Нами командовал товарищ Антилла, награжденный орденом за взятие Кимас-озера. В двадцать втором году товарищ Антилла был курсантом, а теперь он вел нас. Сейчас у Антиллы в петлицах шпалы. Из старых участников был Ояла и еще человека три-четыре, а затем шли мы, молодежь. Шестьдесят один боец с полной выкладкой и с запасом питания на трое суток. Строем с пулеметами проходили в среднем около шестидесяти километров в день по снежной целине. Честное слово! Прочитай наш рапорт наркому. Нас встречали в деревнях рапортами о своих достижениях местные колхозники... Были среди них старики и старухи.
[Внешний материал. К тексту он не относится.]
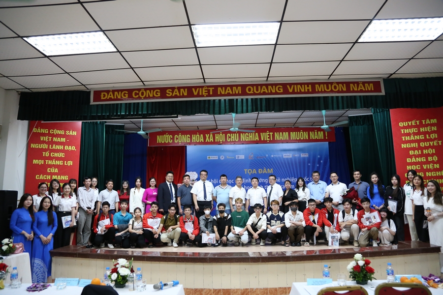 2024年5月27日,河內郵電科技大學舉行了一場名為「在職大學生的出國留學機會與國際職業定位」的座談會。此次活動邀請了來自台灣和韓國的學校單位和企業代表參與,北寧台商會的秘書長周聖炫和國際組組長郭郁甫也出席了此次活動。
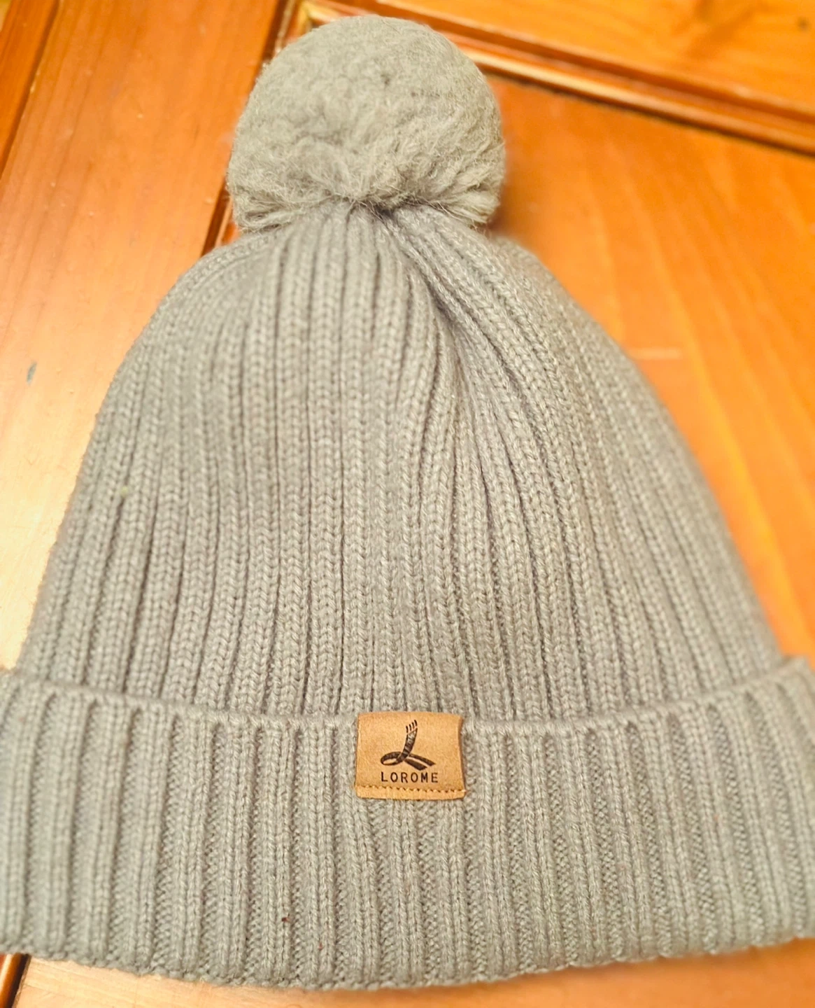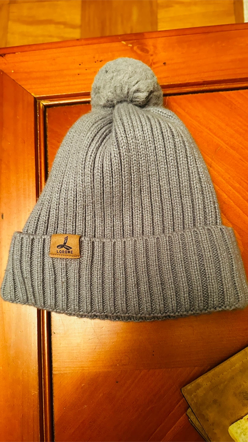 Cozy up with this Lorome knit beanie! It's a stylish gray color and features a fun pom pom on top. The inside is lined for extra warmth and comfort, perfect for chilly days

В одном рике[14] был председателем бывший курсант - участник рейда. Короткий митинг - и дальше в путь. В одной деревне на десять километров навстречу послали сани, нет ли у нас больных, чтобы подвезти... Ну, конечно, больных не было. За время похода все даже прибавили в весе, честное слово... Около одного села нас встретил старик, который был проводником отряда в 1922 году, и, представь себе, в тот раз он заблудился в восьми километрах от деревни, и теперь снова, на этом же самом месте, он остановился, не зная, куда нас вести... Ну, мы-то дорогу нашли.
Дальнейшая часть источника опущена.